PLK1 was significantly upregulated in LB2BC (Table I). PLK1 is a key regulator of cell division and is overexpressed in numerous types of human cancer, including prostate, pancreatic and breast cancer (28). PLK1 is significantly enriched in the ‘cell cycle’ and ‘progesterone-mediated oocyte maturation’ pathways (Table III). PLK1 was identified as downregulated in LB2BC as assessed by RT-qPCR, whereas the opposite result was obtained in DEG analysis (Fig. 3C); this may be due to the small experimental sample size (n=5) used in the present study. PLK1 was a hub protein, interacting with 153 genes in the PPI network (Fig. 2). PLK1 encodes a serine/threonine protein kinase that belongs to the cell cycle serine/threonine-protein kinase CDC5/Polo subfamily. PLK1 is significantly overexpressed in triple-negative breast cancer (TNBC), compared with other breast cancer subtypes; the inhibition of PLK1 activity induces an increase in G2/M cell cycle arrest and TNBC cell apoptosis (29). PLK1 is overexpressed in breast cancer cell lines compared with normal breast cell lines; silencing PLK1 enhances the sensitivity of breast cancer cell lines to rapamycin (30).
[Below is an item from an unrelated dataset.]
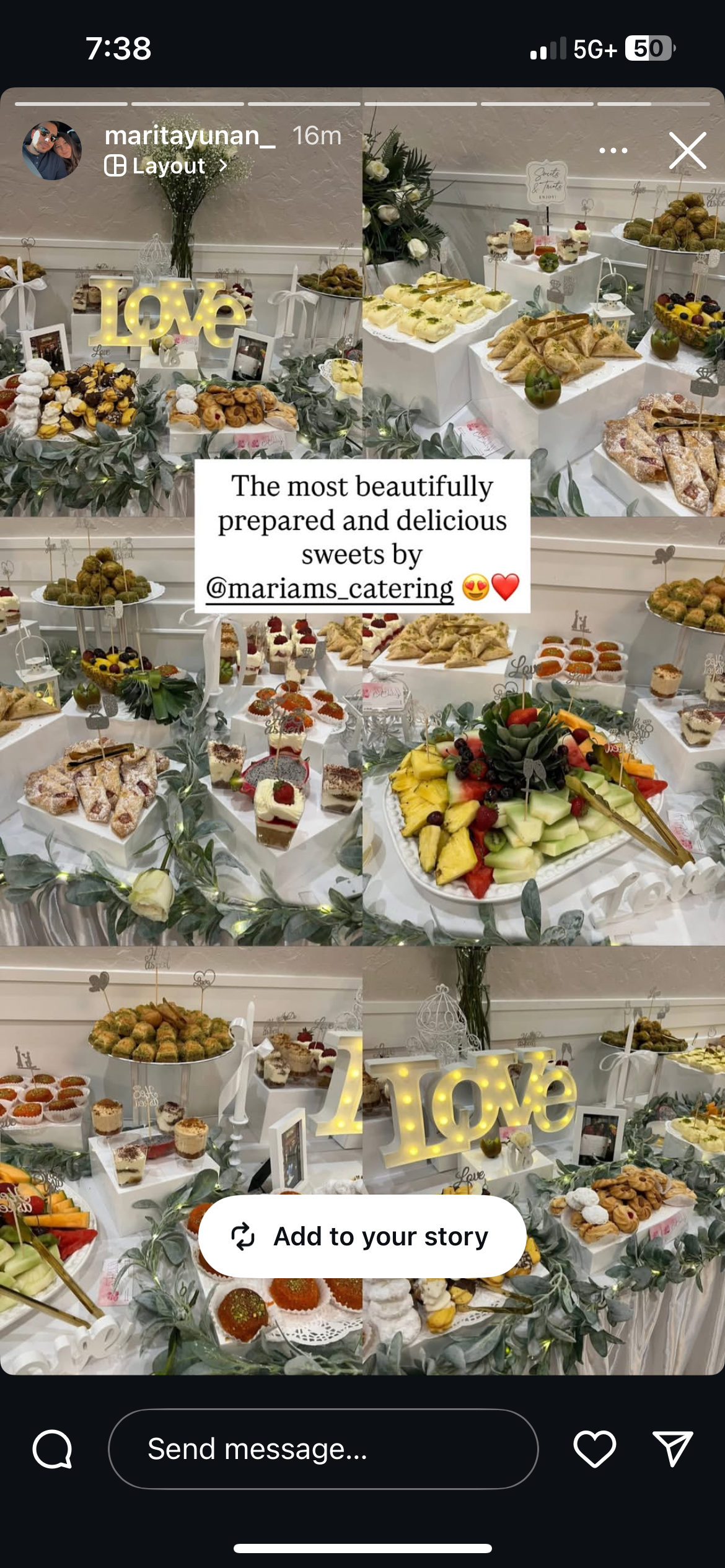 "Mariam did an amazing job catering the bride's house for my wedding. The food was fresh and delicious and the setup was aesthetically pleasing. Best of luck.

EGFR expression was significantly downregulated in LB2BC, as observed via DEG analysis and validated using RT-qPCR (Table I; Fig. 3D). EGFR was the hub protein with the highest connectivity degree, connecting to 781 genes in the PPI network. EGFR was significantly enriched in several pathways, including pathways in cancer and the MAPK signaling pathway (Table III). EGFR was previously identified as upregulated in various types of cancer, including lung cancer, gastric cancer and glioblastoma (31–33). EGFR is frequently overexpressed in TNBC; high EGFR gene copy number predicts a poor patient outcome (34). EGFR expression was downregulated in LB2BC in the present study, indicating that the pathogenesis of LB2BC is distinct from TNBC.
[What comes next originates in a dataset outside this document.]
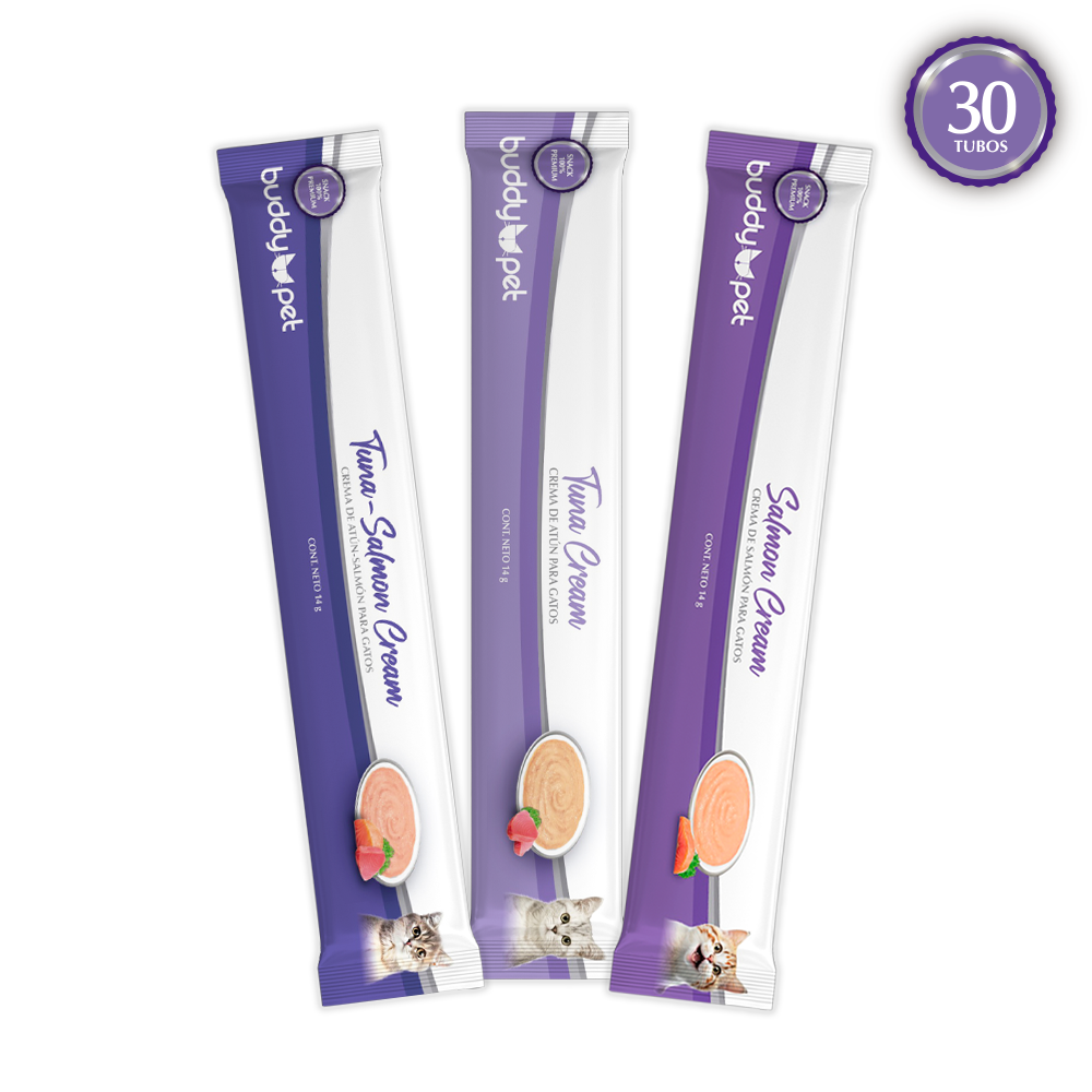 Buddy Pet Cream Snack Mix es un delicioso mix de snacks cremosos para gatos, ideal como premio o complemento diario. Contiene 30 tubos individuales, 10 de cada sabor en tres irresistibles variedades: atún, salmón y atún con salmón. Su textura suave y su fórmula enriquecida con taurina y vitaminas ayudan a mantener una nutrición equilibrada, apoyando la salud visual y el sistema inmunológico de tu gato. Contenido neto total: 420 g.

In conclusion, 2,251 DEGs were identified between LB2BC and non-tumor tissue. The top 15 upregulated and downregulated genes in LB2BC were used to construct a PPI network. A number of genes, including NTRK2, FN1, PLK1 and EGFR, were identified that potentially serve critical roles in the pathogenesis of LB2BC via the ‘focal adhesion’, ‘pathways in cancer’ and ‘ECM-receptor interaction signaling’ KEGG pathways. The findings of the present study may contribute to the further elucidation of the pathogenesis of LB2BC.